Now, here is the claim that we want to make:

Claim. $D$ is the disc of convergence of $\sum a_nz^n$.
Note that the above claim says precisely two things:

1. $\sum a_nz^n$ converges for every $z \in D$.
2. If we take any larger disc $D' \supsetneq D$, then there exists $z \in D'$ such that $\sum a_nz^n$ diverges.

Proof. The proof of 1. follows from the Theorem.
Let us focus on 2.

Let $D'$ be any (strictly) larger disc and let us assume that the power series converges on it.
Then, the function $$g(z) = \sum a_nz^n$$ is well-defined on $D'$. Moreover, it is continuous on $D'$. (A standard fact about power series.)

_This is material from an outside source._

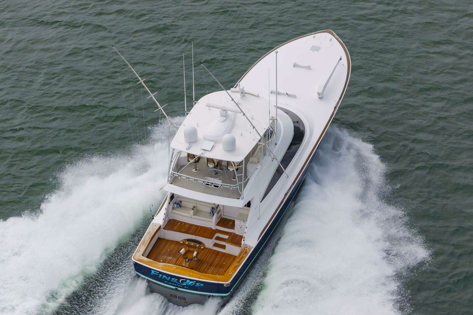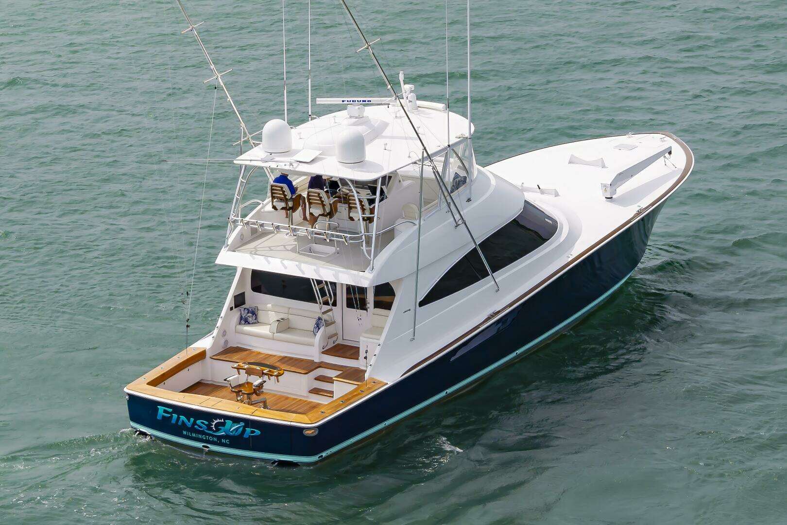 (Fin’s Up) a 2024 Viking 72 that shows like new with very low hours (543)She is powered by the popular MTU 16V200M96L engines producing 2635 mhp pushing the boat to a middle 40 knot top end and an easy 35-37 knot cruise.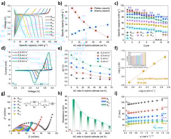 (a) Galvanostatic charge–discharge (GCD) profiles at 0.2 mA; (b) deconvolution of specific capacities into plateau and sloping regions, corresponding to the battery–type and capacitive contribution, respectively; (c) rate capability showing specific capacities at varying current densities; (d) cyclic voltammetry (CV) curves of the R10/1 hybrid cathode at scan rates from 0.2 to 2.0 mV s−1; (e) potential difference (ΔV) between anodic and cathodic peaks; (f) linear dependence of oxidation peak current on the square root of scan rate (ν1/2) for the R10/1 cathode, with corresponding b–values shown in inset; (g) Nyquist plots with equivalent circuit model (inset); (h) fitted resistance components from EIS analysis; (i) relationship between Z’ and ω−1/2 (where ω is angular frequency), demonstrating Warburg diffusion behavior.

Also, we know that $f$ and $g$ agree on $D$. Moreover, $i \in D'$.
(In particular, $g(i)$ is defined and is a (finite) complex number.)

Now, let us take any sequence $(z_n)$ in $D$ such that $z_n \to i$. Since $f$ and $g$ agree on $D$, we get that $$f(z_n) = g(z_n)$$ for all $n \in \Bbb N$. However, since $f$ and $g$ are continuous, we see that $$|f(z_n)| \to \infty; \quad |g(z_n)| \to |g(i)| < \infty,$$ a contradiction! (The fact that $|f(z_n)| \to \infty$ follows from the function definition of $f$.)